I have come across the following identity that involves binomial coefficients $\binom{n}{k}$, Stirling numbers of the second kind $\left\{ m \atop j \right\}$ and generalized hypergeometric series $_p F_q(a_0, a_1, …, a_p; b_0, b_1, …, b_q; z)$.
$$\begin{align}
\sum_{k=0}^n k^a \binom{n}{k}
&= n\ _a F_{a-1}(2, 2, …, 2, 1 – n;1, 1, …, 1; -1)\\
&=2^{n-m}\sum_{j=0}^m\binom{n}{j}2^{m-j} \left\{ m \atop j \right\} j!\\
\end{align}$$
How on earth does this work? The link between the first two parts of the identity is conjectured in one of my previous questions here and the link between the first and third parts of the identity are detailed in the answers to this question. But if I was given the second and third parts of the identity, I wouldn't know how to describe it, let alone prove it.
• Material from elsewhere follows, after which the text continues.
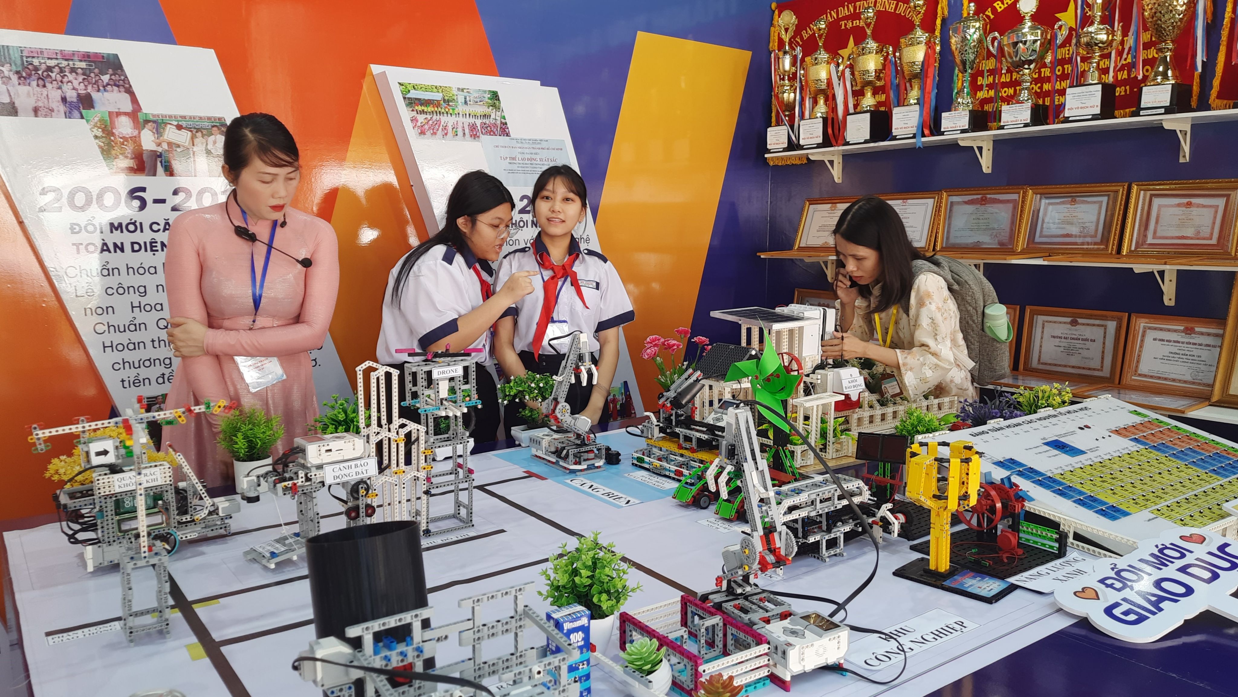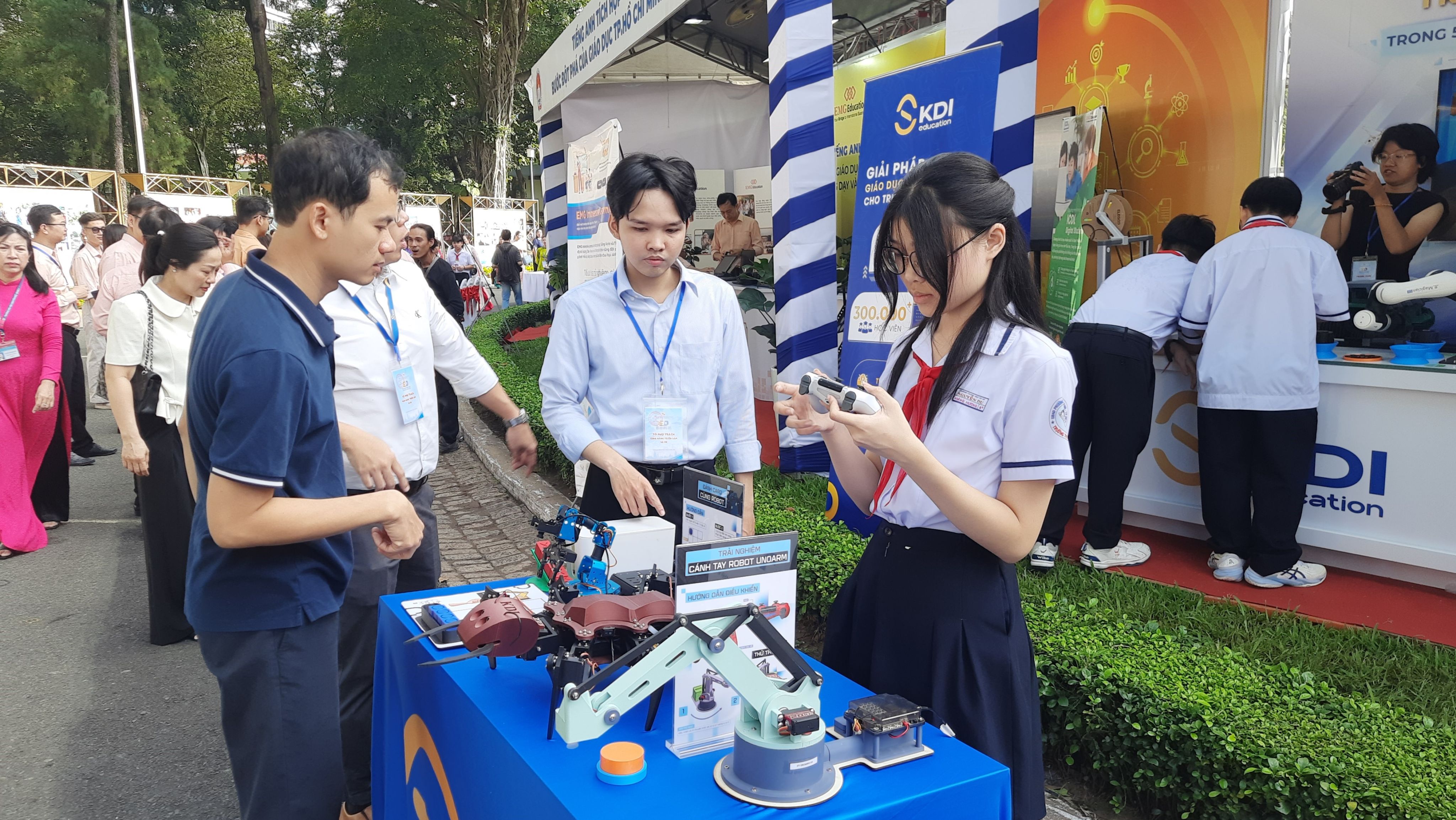 Học sinh trải nghiệm mô hình STEM tại Triễn lãm 50 năm đổi mới giáo dục Thành phố Hồ Chí Minh.

Any advice or suggestions welcome.
Best Answer
We can start with the hypergeometric
$$n \, _a F_{a-1} (2,2,\ldots,2,1-n;1,1,\ldots;-1)$$
and obtain
$$n \sum_{m\ge 0} \frac{(-1)^m}{m!} \frac{(m+1)!^{a-1}}{m!^{a-1}} {1-n+m-1\choose m} m! \\ = n \sum_{m=0}^n (-1)^m (m+1)^{a-1} {m-n\choose m} \\ = n \sum_{m=0}^n (m+1)^{a-1} {n-1\choose m} \\ = n \sum_{m=1}^{n+1} m^{a-1} {n-1\choose m-1} = \sum_{m=0}^n m^a {n\choose m}.$$
For the second equality we can start from
$$2^n \sum_{j=0}^a {n\choose j} 2^{-j} {a\brace j} j!$$
getting with the usual EGF
$$2^n \sum_{j=0}^a {n\choose j} 2^{-j} a! [z^a] (\exp(z)-1)^j \\ = 2^n a! [z^a] \sum_{j\ge 0} {n\choose j} 2^{-j} (\exp(z)-1)^j.$$
Here we have extended to infinity due to the coefficient extractor in $[z^a]$ and the fact that $(\exp(z)-1)^j = z^j+\cdots$. Continuing,
$$2^n a! [z^a] (1+(\exp(z)-1)/2)^n = a! [z^a] (\exp(z)+1)^n \\ = a! [z^a] \sum_{m=0}^n {n\choose m} \exp(mz) = \sum_{m=0}^n {n\choose m} m^a.$$
This is the claim.